2. Run the temporary helper script included in the project:
```bash
python get_refresh_token.py
```
3. The script will print a unique URL. Copy this URL and paste it into your web browser.
4. Log in to the Reddit account you want to post from and click **"Allow"** when prompted.
5. You'll be redirected to a `localhost:8080` page that says "This site cant be reached". **This is normal and expected.**
6. Copy the **full URL** from your browser's address bar. It will look something like `http://localhost:8080/?state=...&code=...`.
7. Paste this full URL back into the terminal where the script is waiting and press Enter.
8. The script will output your unique **refresh token**.
**Step 2: Update Your `.env` File**
1. Open your `.env` file.
2. Add a new line and paste your refresh token into it.
3. Ensure your file now contains the following (your username and password are no longer needed):
```
REDDIT_CLIENT_ID=your_client_id_from_reddit
REDDIT_CLIENT_SECRET=your_client_secret_from_reddit
REDDIT_USER_AGENT=A custom user agent string (e.g., python:rstat:v1.2)
REDDIT_REFRESH_TOKEN=the_long_refresh_token_string_you_just_copied
```
You can now safely delete the `get_refresh_token.py` script. Your application is now authorized to post on your behalf indefinitely.

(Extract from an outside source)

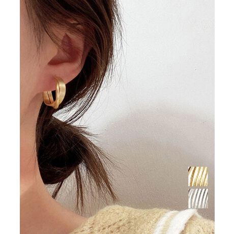 ミニマルなラインデザインが魅力のメタルフープピアス。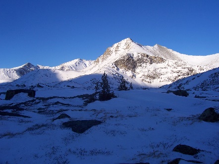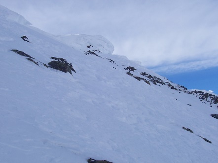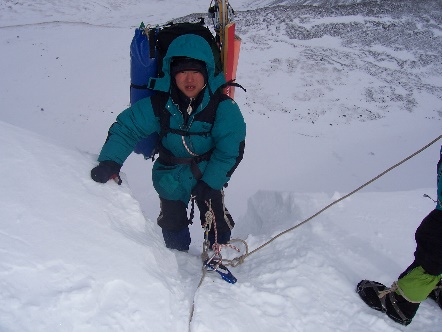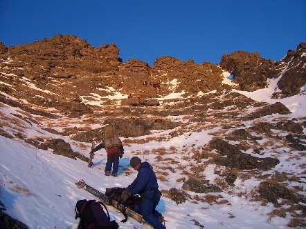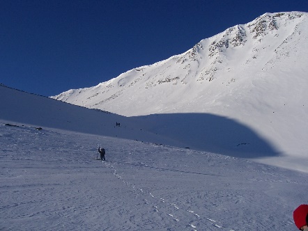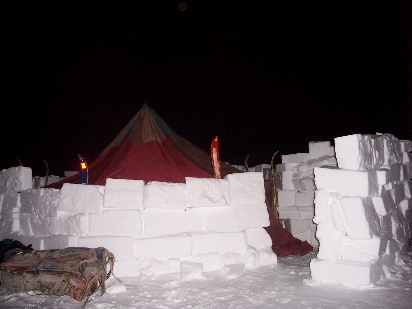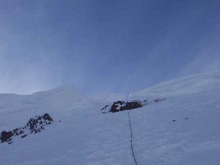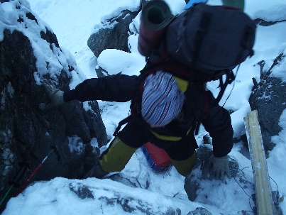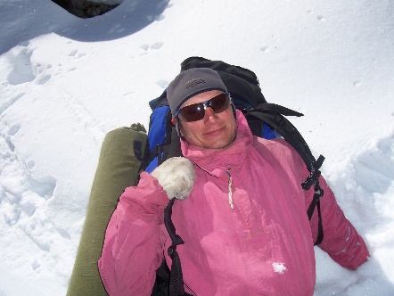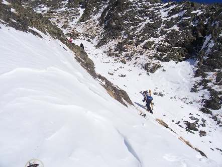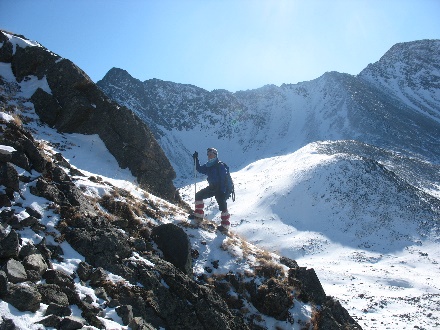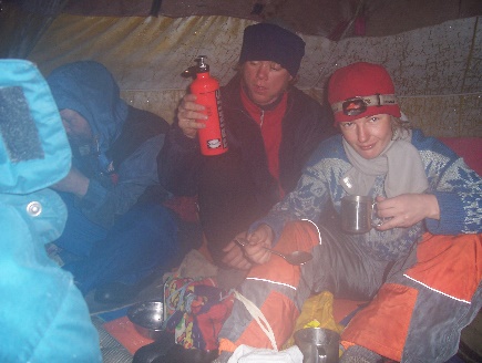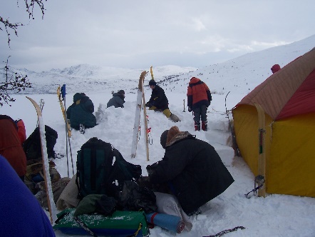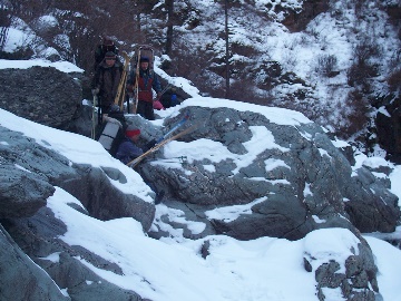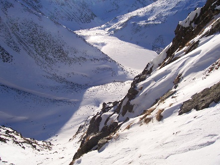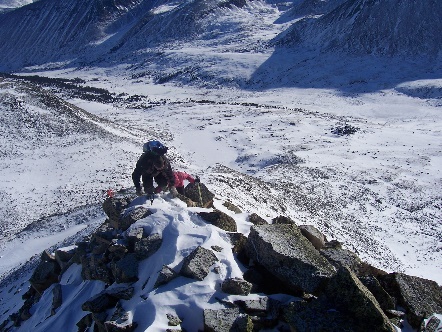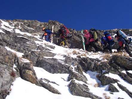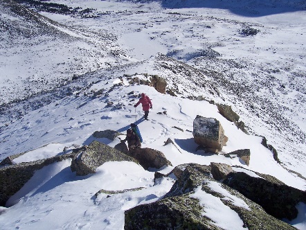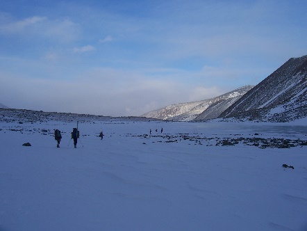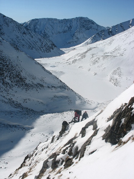Обед 11:50-13:30. Пока готовится кипяток на горелках из снега, организовали станцию и навесили 50 м перил. Иван Горлов лопатой пробил траншею для начала спуска. Нависающего карниза действительно не оказалось. Одеваем страховочные системы и каски, собираем палатку. Спуск с верхней страховкой по перилам с использованием восьмерок. Почти вертикальный участок карниза выводит на широкое ребро крутизной 50-55°. Склон снежно скально-осыпной. Экспозиция склона вогнутая. Глубина снега 30-40 см, наст на камнях переменной плотности, на открытых участках – твердый. Навешиваем еще 50 м перил. Здесь с трудом находим место для скальных крючьев и организуем следующую станцию. Навешиваем перила 50+50 м. Этот участок технически более сложен,хотя крутизна несколько меньше. С ребра уходим влево на снежный склон не выходя на снежные поля. Дальше спускаемся без веревок. При прохождении определяющего склона перевала было использовано 5 станций за камни и скальные крючья, 200 метров перильной страховки и 100 метров спуска с самостраховкой. Выход на озеро последних в 19:00. Ставим палатку на озере на лавинобезопасном расстоянии от склона. Воду берём из озера. Готовим на горелках. Холодная ночёвка за бортом температура – 30°С.

### The `post_to_reddit.py` Script
This is the standalone script that finds the most recently generated image and posts it to Reddit using your new authorization.
**Manual Usage:**
* **Post the latest OVERALL summary image to `r/rstat`:**
```bash
python post_to_reddit.py
```
* **Post the latest DAILY image for a specific subreddit:**
```bash
python post_to_reddit.py --subreddit wallstreetbets
```
* **Post the latest WEEKLY image for a specific subreddit:**
```bash
python post_to_reddit.py --subreddit wallstreetbets --weekly
```
### Setting Up the Cron Job
To run the entire pipeline automatically every day, you can use a simple shell script controlled by `cron`.

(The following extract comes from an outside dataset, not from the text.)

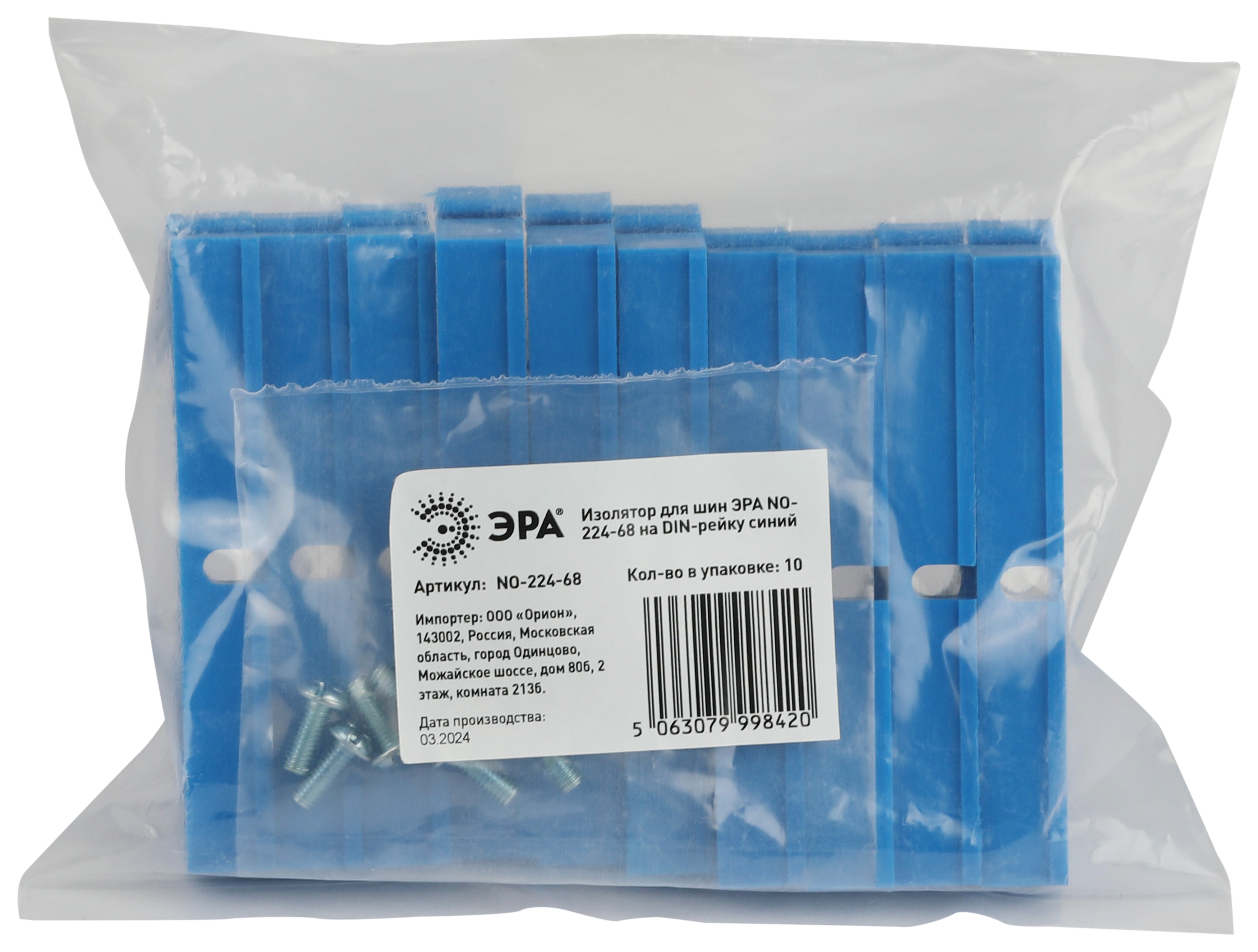 Название производителя: Изолятор для шин ЭРА NO-224-68 на DIN-рейку синий

**Step 1: Create a Job Script**
Create a file named `run_daily_job.sh` in the root of your project directory.
**`run_daily_job.sh`:**
```bash
#!/bin/bash
# CRITICAL: Navigate to the project directory using an absolute path.
# Replace '/path/to/your/project/reddit_stock_analyzer' with your actual path.
cd /path/to/your/project/reddit_stock_analyzer
# CRITICAL: Activate the virtual environment using an absolute path.
source /path/to/your/project/reddit_stock_analyzer/.venv/bin/activate
echo "--- Starting RSTAT Daily Job on $(date) ---"
# 1. Scrape data from the last 24 hours.
echo "Step 1: Scraping new data..."
rstat --days 1
# 2. Start the dashboard in the background.
echo "Step 2: Starting dashboard in background..."
rstat-dashboard &
DASHBOARD_PID=$!
sleep 10
# 3. Export the overall summary image.
echo "Step 3: Exporting overall summary image..."
python export_image.py --overall
# 4. Post the image to r/rstat.
echo "Step 4: Posting image to Reddit..."
python post_to_reddit.py --target-subreddit rstat
# 5. Clean up by stopping the dashboard server.
echo "Step 5: Stopping dashboard server..."
kill $DASHBOARD_PID
echo "--- RSTAT Daily Job Complete ---"
```
**Before proceeding, you must edit the two absolute paths at the top of this script to match your system.**
**Step 2: Make the Script Executable**
```bash
chmod +x run_daily_job.sh
```
**Step 3: Schedule the Cron Job**
1. Run `crontab -e` to open your crontab editor.
2. Add the following line to run the script every day at 10:00 PM and log its output:
```
0 22 * * * /path/to/your/project/reddit_stock_analyzer/run_daily_job.sh >> /path/to/your/project/reddit_stock_analyzer/cron.log 2>&1
```
Your project is now fully and securely automated.